Records for this exercise below:

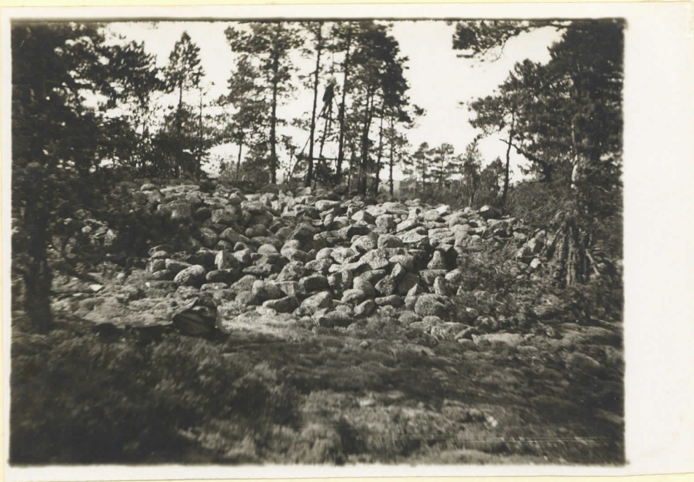
N:o 6 Hummel Dalhaby Bildan tagen från S. O. Augusti 1930
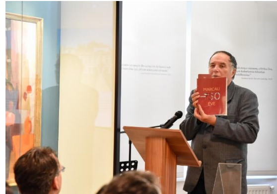
Könyvbemutató: 2024.05.30-án a Bernáth Aurél Galériában
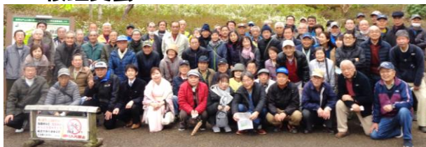
◎ エルダークラブ相模ブロック座間地区 ～桜鑑賞会～
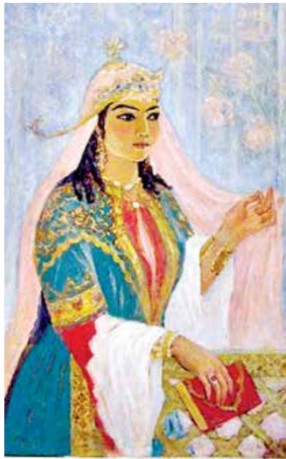
Шоира Нодира. (1944-1945)
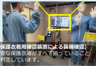
【保護衣着用確認装置による装備確認】必要な保護衣等がすべて揃っていることを判定しています。
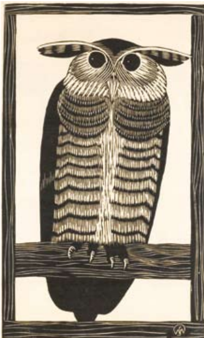
Afb. 53 Hoornuil , 1915, houtsnede, II/II 372 x 224 mm, H 072
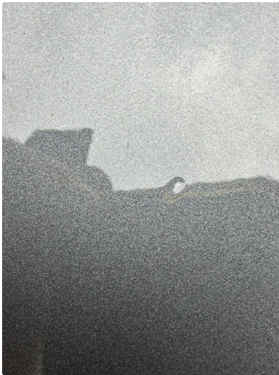
1.2 Litt lakksig i dør høyre bak
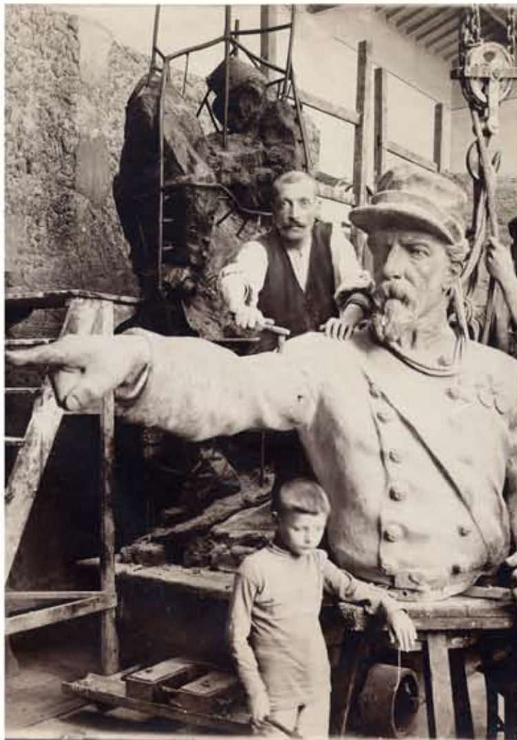
Une des phases de réalisation de la statue du général Cialdini (détail) 1911-1912
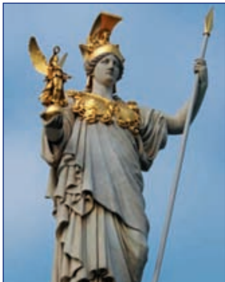
Скульптура богини Афины

вое тело царя Леонида по приказу Ксеркса I обезглавили, а голову насадили на кол.
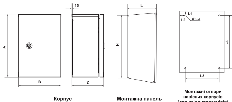
Монтажні отвори навісних корпусів (для всіх типорозмірів)
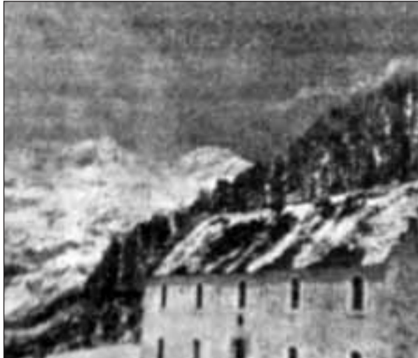
El refugio de la Renclusa, fin de la primera etapa

“En la cima y sobre un pedestal de cemento revestido de aluminio, todo
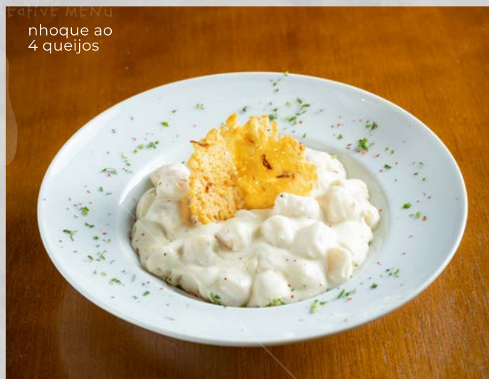
nhoque ao 4 queijos
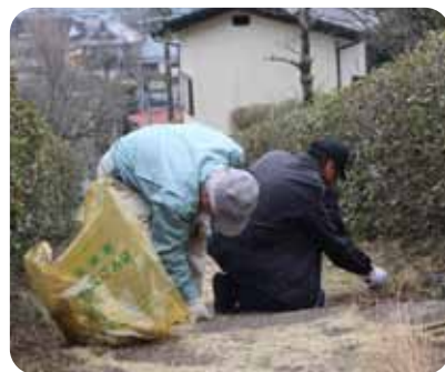
▲階段もきれいにしました。
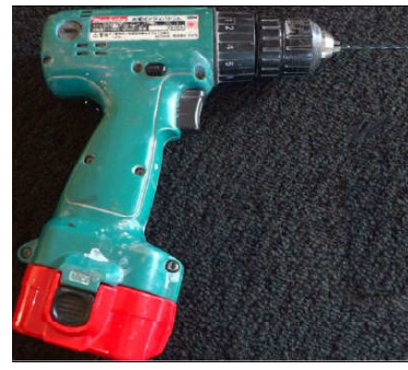
例) 正逆回転付きドリルドライバー
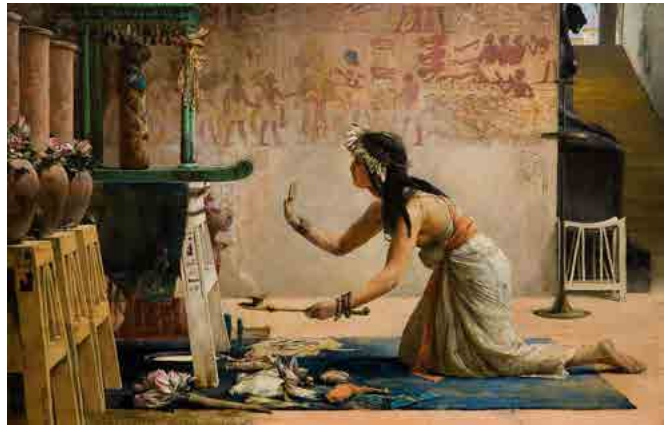
Aanbidding van de kat in Oud-Egypte

Kattengodinnen waren er in het oude Egypte genoeg. Een bijzondere rol was weggelegd voor Mafdet met haar kattenkop, die beschermend kon optreden met haar klauwen. In het hiernamaals bracht ze de uit lichamen van foute mensen gerukte harten naar de farao. De naam Bast, een andere kattengodin, is al gevonden in het begin van de periode waarin de piramides zijn gebouwd, ze werd toen ook wel Pa-Bast genoemd, waarvan Pasht een afgeleide lijkt te zijn. In Pashts tempel werden zieke katten ver-
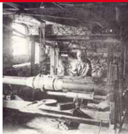
Tisserand en cave
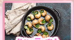
เมนูพิเศษ หอยเอสคาโท
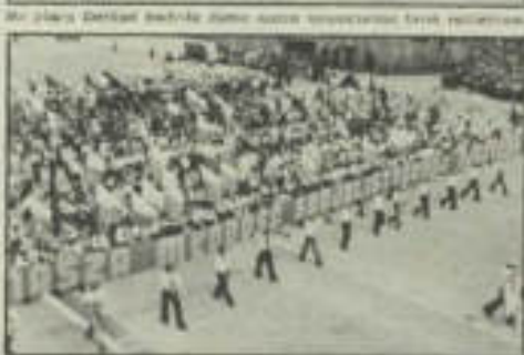
Wschodząca słońcem polska
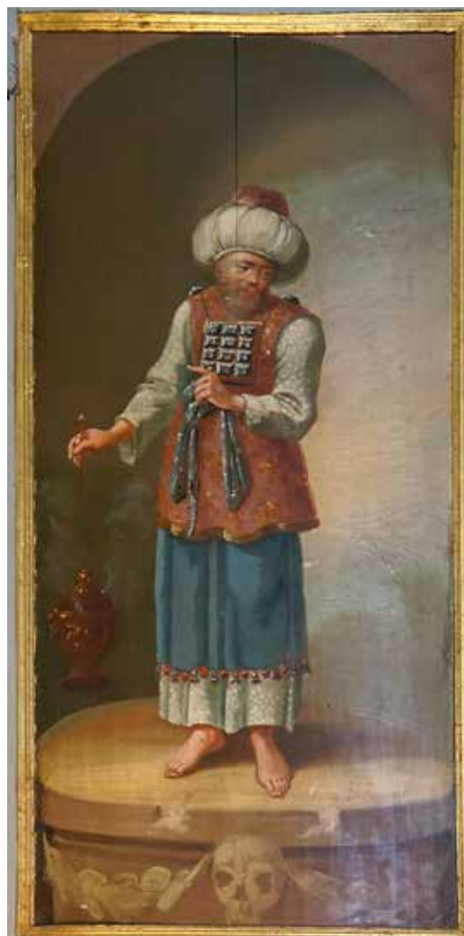
Aron (øverst på Kongestolveggen)

Når Aron skulle gå inn i helligdommen, skulle han ved sitt hjerte bære Jakobssønnenes navn på brystduken for dømsavgjørelser. På maleriet av Aron ser vi nederst et dødningehode. I barokken var dette mye brukt, og kalles Memento Mori . Dødningehodet under føttene på Moses og Aron henspiller på en latinsk frase: ” Memento Mori ”. Dette sa slaven til seierherren da han ankom i triumftog til Forum Romanum i Roma. Det betyr: ”Jeg minner om at du skal dø.” Slaven stod bak på vogna til triumfatoren, og han hadde to oppgaver: Å holde seierskransen over hodet hans og stadig minne ham på, at selv om han var seierherre i dag, ventet en ny dag i morgen. Slaven gjorde dette ved å minne seierherren om at han var dødelig ved å hviske: ” Memento Mori ” i øret på ham.

End of Records for this exercise.

→ Work order
Your answer must be a single number: the count of lines in the records that include "Aron".

→ Solution to this task
2